Des années les plus sombres du XXe siècle, Ernst Jünger (1895-1998), écrivain controversé, est un témoin unique.
Engagé volontaire héroïque et blessé à quatorze reprises, il obtient à la Première Guerre les plus hautes distinctions. La seconde lui en vaut d'emblée une nouvelle.
Exit les combats en premières lignes. Adjoint à l'état-major de Paris, il tient dans les salons des collaborateurs le rôle de l'occupant cultivé et de l'ennemi chevaleresque. Et comme de 1914 à 1918, il consigne ses activités dans un journal, qu'il poursuit jusqu'en 1948.
Ses années passées à Paris en tant qu’occupant :
Le premier tome présente non pas un journal, mais un ensemble de textes parus à partir de 1920. Remaniés au fil des éditions pour en supprimer les passages pouvant favoriser le nazisme, que Jünger abhorre, ils atteignent en 1943 un tirage de plus d'un demi-million d'exemplaires. Visant à rendre justice aux combattants de la Première Guerre et à raviver la fibre patriotique, ils manifestent un nationalisme revendicatif. La guerre y est dépeinte au plus près.

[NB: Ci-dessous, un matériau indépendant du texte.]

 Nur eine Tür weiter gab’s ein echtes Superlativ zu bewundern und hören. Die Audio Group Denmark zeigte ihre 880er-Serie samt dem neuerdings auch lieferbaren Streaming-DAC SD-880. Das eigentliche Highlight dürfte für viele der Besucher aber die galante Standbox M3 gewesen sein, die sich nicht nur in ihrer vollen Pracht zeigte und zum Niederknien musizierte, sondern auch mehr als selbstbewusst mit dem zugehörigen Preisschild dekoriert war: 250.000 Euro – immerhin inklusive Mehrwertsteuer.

A Paris avant 1945, Jünger visite bibliothèques, musées et théâtres, «butine dans des siècles d'érudition», a sa place chez Florence Gould, se lie avec Guitry, «personnalité tropicale», fréquente les Jouhandeau et Cocteau «tourmenté comme un homme séjournant dans un enfer particulier». Il croise Jean Marais et Arletti. Mais le sort des Parisiens ordinaires le préoccupe peu. Jusqu'au débarquement du moins.

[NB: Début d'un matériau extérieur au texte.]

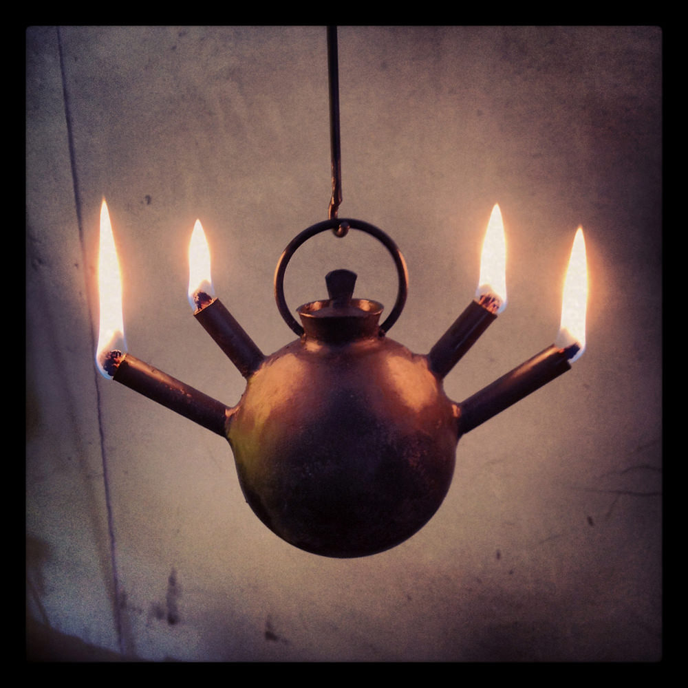 Stunning (but slightly terrifying) lamp by lighting designer and metalworker Chevy Borchowsky.
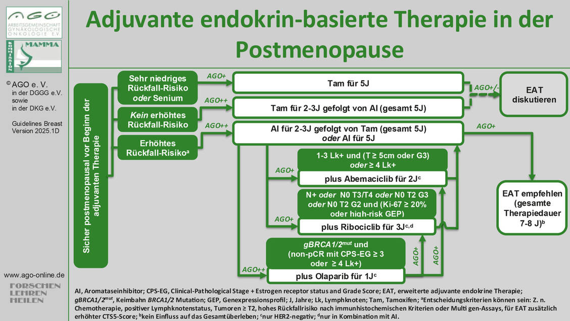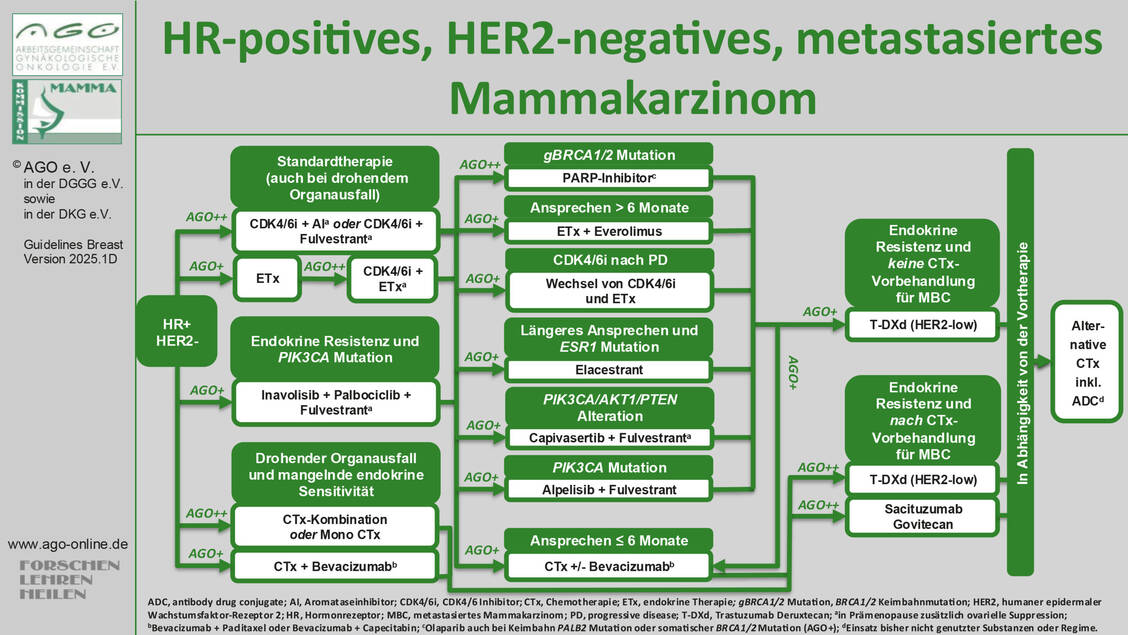 Auch Checkpoint Inhibitoren (CPI), Chemotherapeutika und weitere Substanzklassen sind bereits für die orale Applikation in Entwicklung. Aktuelle Therapiealgorithmen bei frühem (EBC) und metastasiertem (MBC) hormonpositivem Mammakarzinom werden jährlich von der Arbeitsgemeinschaft Gynäkologische Onkologie (AGO) aktualisiert (Abbildung 1 und 2).
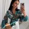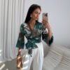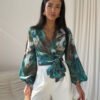 Stylish blouse with a wrap-around design with an eye-catching waist tie subtly accentuates the silhouette and attracts attention with a decorative pattern. The thoughtful cut combines feminine elegance with comfort, ensuring comfortable wear throughout the day. The model has been carefully designed and sewn in Poland, with attention to detail and high quality finishing. The blouse will work perfectly in elegant stylings with material trousers and heels, as well as in everyday sets with jeans and flat shoes.
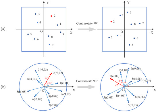 Changes in the star map before and after rotation in different coordinate systems. (a) The plane Cartesian coordinates. (b) The polar coordinate system.
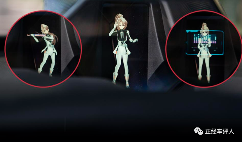 而且你还可以通过“你好YOMI”唤醒3D全息投影的卡通人物,无论是让它来一段舞蹈,还是设置导航、关闭天窗等等,都不在话下。

Retour sur une fin de guerre :
Après l'armistice de 1945, la guerre passe à l'arrière-plan. Jünger relève des activités multiples. En entomologiste réputé, il se livre à des «chasses subtiles», il lit la Bible, commente une incroyable quantité de livres, évoque des souvenirs et des fabuleux paysages oniriques.
Revenu en Allemagne, il rend compte des derniers combats, de l'arrivée des Alliés, de l'afflux des réfugiés et de sa réaction devant l'horreur des camps, qui inspire aussitôt des réflexions générales. Et il en ajoute d'autres sur la capitulation et la justice des vainqueurs, sur «la forme absolue de la guerre réelle», sur la banalisation du mal qui, représenté par la minable figure de petit-bourgeois d'Himmler.
Journaux de guerre. Tome 1: 1914-1918. Tome 2: 1939-1948 de Ernst Jünger aux éditions Gallimard, Bibliothèque de la Pléiade (coffret deux volumes, 2248 pages, 100 €)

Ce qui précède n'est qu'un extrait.